Just as many Democratic lawmakers have signed on in the past year as co-sponsors of Sen. Bernie Sanders (I-Vt.) Medicare for All bill, healthcare corporations are banding together to fight the swelling wave of support for a single-payer healthcare system.
Health insurance and drug companies have formed a coalition aimed at "building on the strength of employer-provided health coverage," according to the groups—a transparent attempt to defeat the momentum building among Medicare for All advocates, using attack ads and research biased against a single-payer system.
Fearing ‘blue wave,’ drug, insurance companies build single-payer defense https://t.co/DGtdbPJOd3 This is where your healthcare $$$ are going. Advertising against your best interests. @DrCat4ME https://t.co/cOhEVajJIV
— Cathleen London MD (@DrChaya) August 10, 2018
The coalition, called the Partnership for America's Health Care Future and including the industry groups America's Health Insurance Plans (AHIP), the Pharmaceutical Research and Manufacturers of America (PhRMA), the American Medical Association, and the Federation of American Hospitals, is being taken not as a significant threat to Sanders' plan and a similar proposal in the House, but as evidence that the country is closer than ever to implementing single-payer healthcare.

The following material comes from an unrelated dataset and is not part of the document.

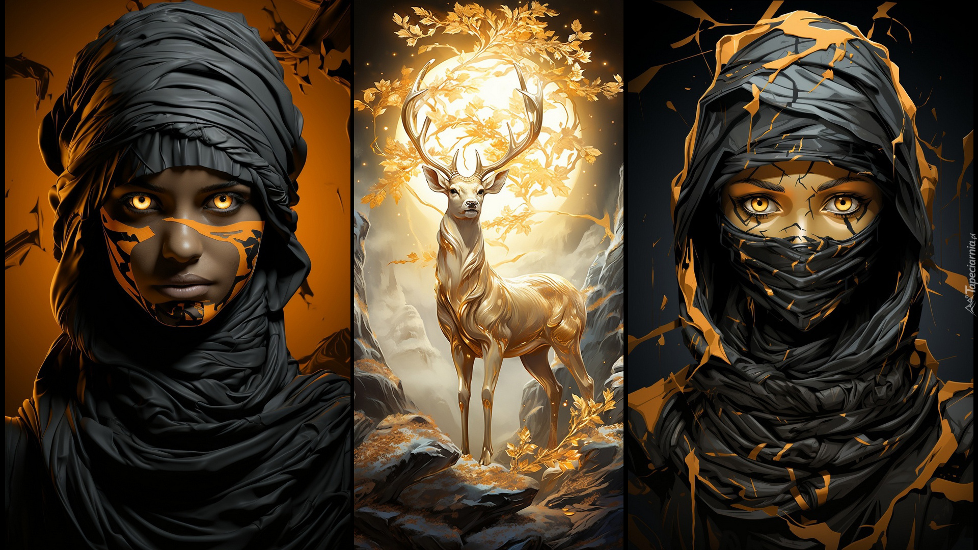 Edytor tapety: Twarze dwóch kobiet i jeleń
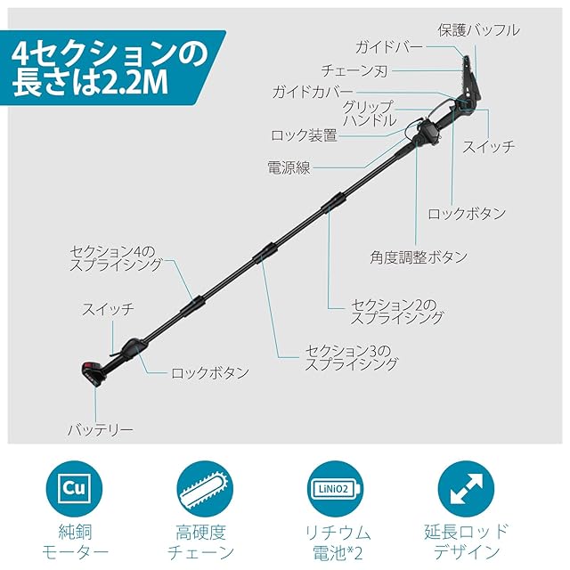 POXITY 高枝切り電動チェーンソー たかえだ 電動 チェーンソー 4段階伸縮延長ポール 最長2.2m 6インチ 高枝 チェーンソー 角度調節可能 強力 木工切断 2個大容量バッテリー コードレス 電動高枝切りチェーンソー 高枝伐採 パワフル プロ伐採 園芸(4段セット) | ascend

Industry giants' apparent anxiety over the end of for-profit health insurance is "clear evidence that we are making progress," Adam Gaffney of Physicians for a National Health Program told The Hill.
Sanders himself told the outlet that it did not surprise him "that the insurance companies and drug companies will spend an enormous sum of money in lobbying, campaign contributions, and television ads to defeat Medicare for all, but they are on the wrong side of history."
Public support for Medicare for All has been rapidly rising since Congress passed the Affordable Care Act in 2010. This past March, polling by the Kaiser Family Foundation showed that 59 percent of Americans support a national health plan paid for by the government. Less than a year earlier, in June 2017, the same poll found that just 53 percent had been in favor of Medicare for All.
Despite mounting evidence to contrary, the Partnership for America's Health Care Future will be devoted to convincing the public that, as a spokesperson told The Hill, "Most Americans support commonsense, pragmatic solutions that don't interrupt the coverage they rely upon for themselves and their families."
The "pragmatic solutions" that families allegedly want to continue relying on will reportedly involve premiums that are expected to go up as much as 91 percent in some parts of the country this fall. Sanders has maintained that his Medicare for All proposal would save the average American household at least $3,800 per year.
Nearly two-thirds of House Democrats have also signed on as co-sponsors of a single-payer healthcare bill—a number that could go up if the party regains a House majority by flipping 23 seats in November.
"Whether they like it or not," Sanders said of health insurance and pharmaceutical giants, "we will succeed in guaranteeing healthcare for all because this is an idea whose time has come."